Dataset excerpts:
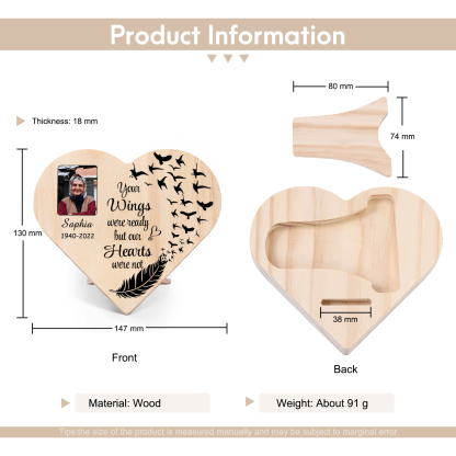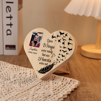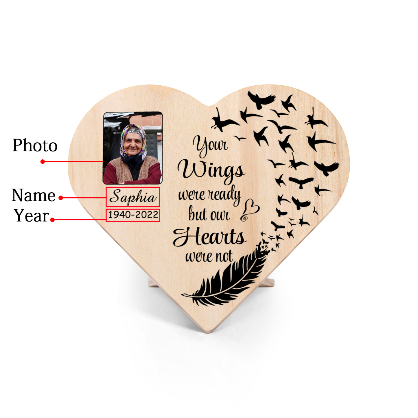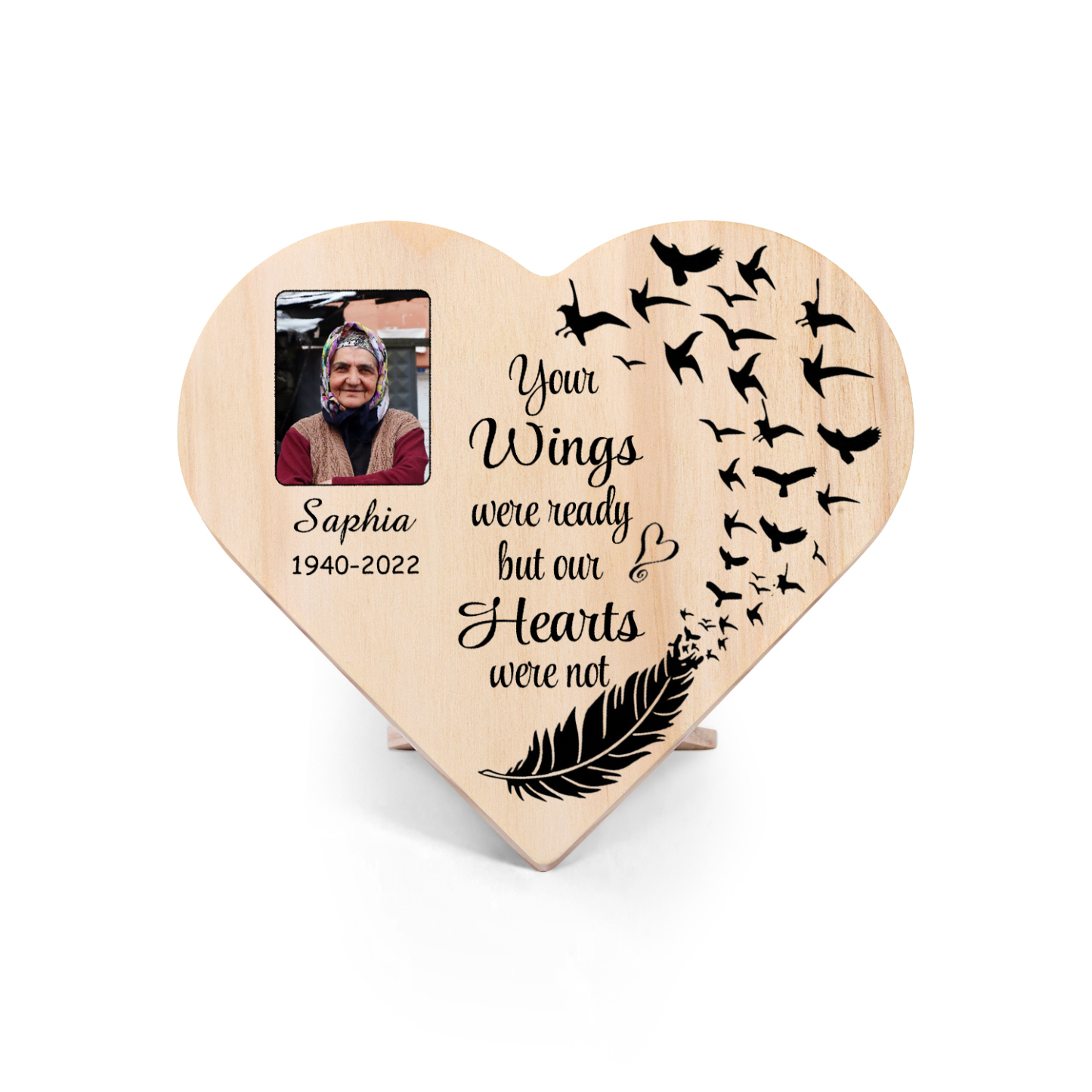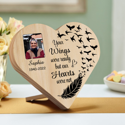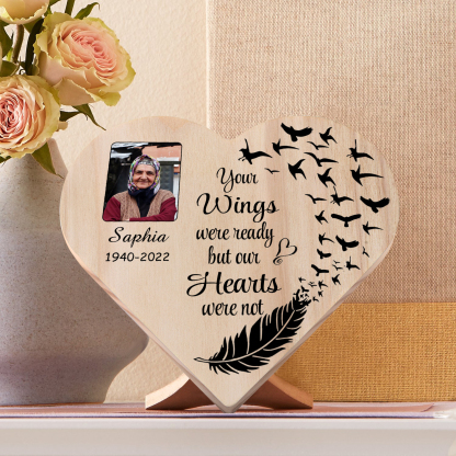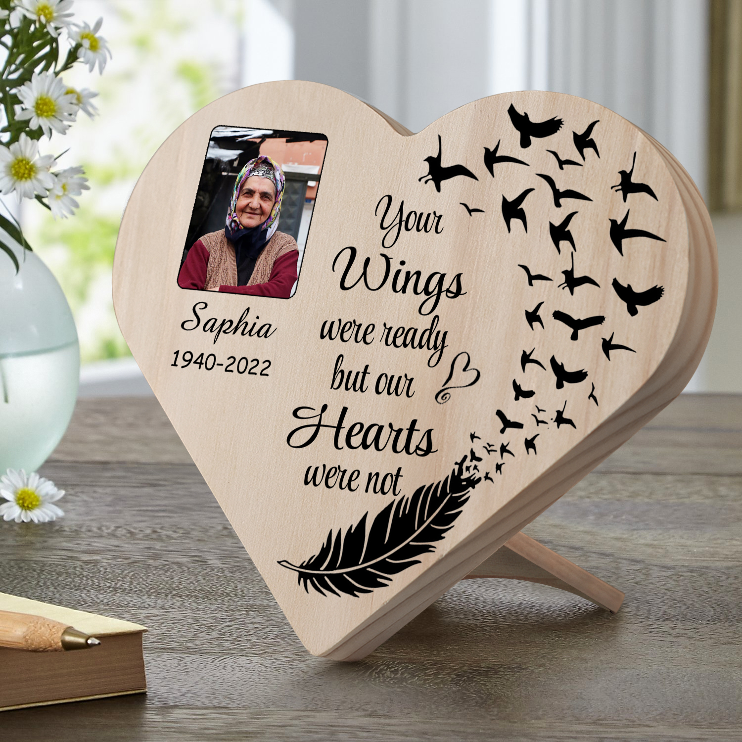 Personalized Memorial Wood Heart Ornament-Custom Heart Wooden Desktop Decoration-Your Wings Were Ready But My Heart Wasn't
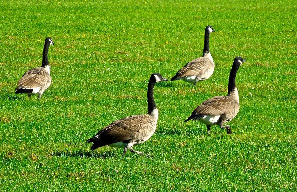 Four large geese walk across the grass in a flock.
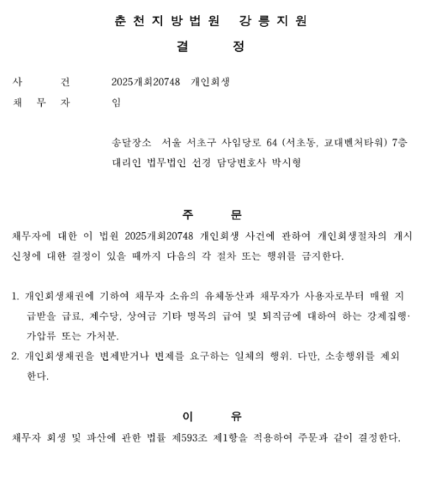 개인회생신청사건의 금지명령 결정문
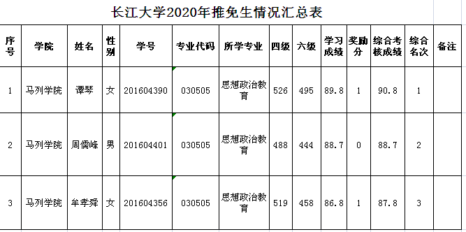 经学生本人申请、学院推免生遴选工作小组考核,现将德赢官网2020届优秀应届本科毕业生免试攻读硕士学位研究生名单予以公示。公示时间:2019年9月19日-2019年9月21日,公示期间学生如有异议可向学院、教务处反映,如有违纪,可向学校纪委举报。联系电话:学院(0716)8060275,教务处(0716)8060580,学校纪委(0716)8060993。
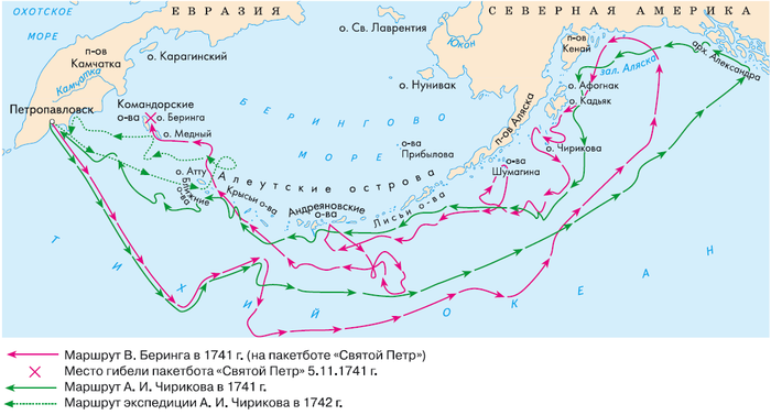В 1740 году отряд Беринга, построив суда «Святой Пётр» и «Святой Павел», переправился на Камчатку, где ими был заложен порт, названный Петропаловской гаванью (современный Петропавловск-Камчатский). В июне 1741-го отряд Беринга вышел в море и двинулся на юго-восток, однако вскоре во время сильного шторма суда под командованием Беринга и Чирикова потеряли друг друга из вида.
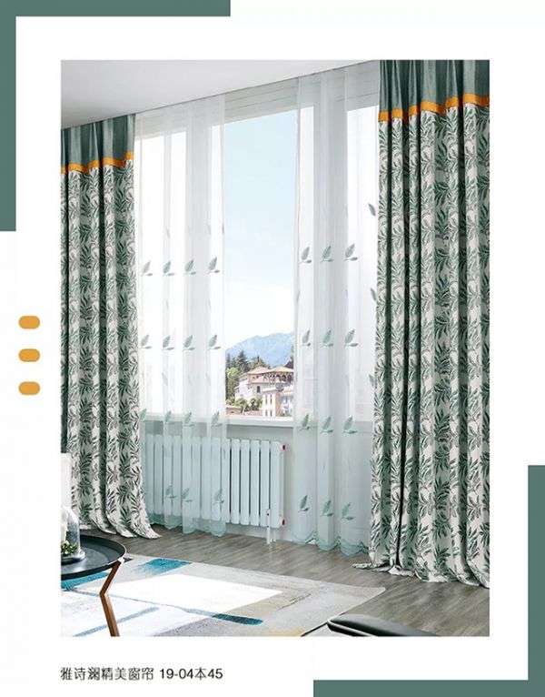 YASLAN“自然风”窗帘采用象征大自然元素之绿色为主色调,采用植物形状将其有规律的分布于窗帘之上,随风而动带来扑面的自然气息。
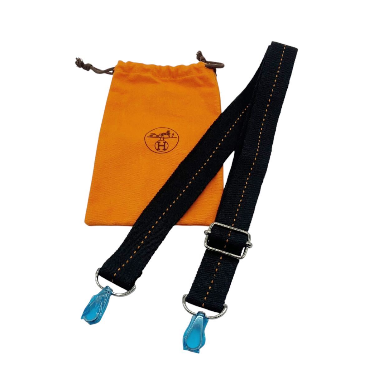> 【新品未使用】エルメス HERMES キャンバス ショルダーストラップ ブラック ストラップのみ バッグ用 シルバー金具
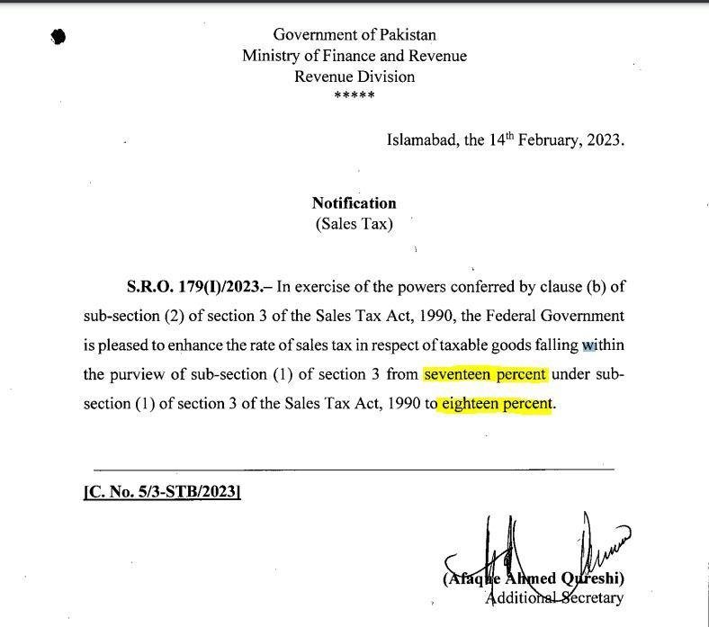 The FBR issued the Statutory Regulatory Order (SRO) to enhance GST rate from standard 17 to 18% and increasing the Federal Excise Duty (FED) on cigarettes.
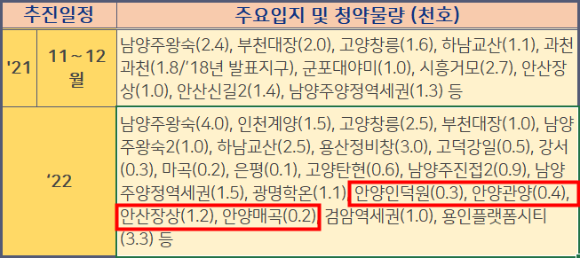 안양 3기 신도시는 공급지역 3곳을 확인하세요.

Work to be completed:
In the listing above, find the line containing "ストラップのみ バッグ用 シルバー金具" and restate it and every later line verbatim, with the pictures left out.

Written reply:
> 【新品未使用】エルメス HERMES キャンバス ショルダーストラップ ブラック ストラップのみ バッグ用 シルバー金具
 The FBR issued the Statutory Regulatory Order (SRO) to enhance GST rate from standard 17 to 18% and increasing the Federal Excise Duty (FED) on cigarettes.
 안양 3기 신도시는 공급지역 3곳을 확인하세요.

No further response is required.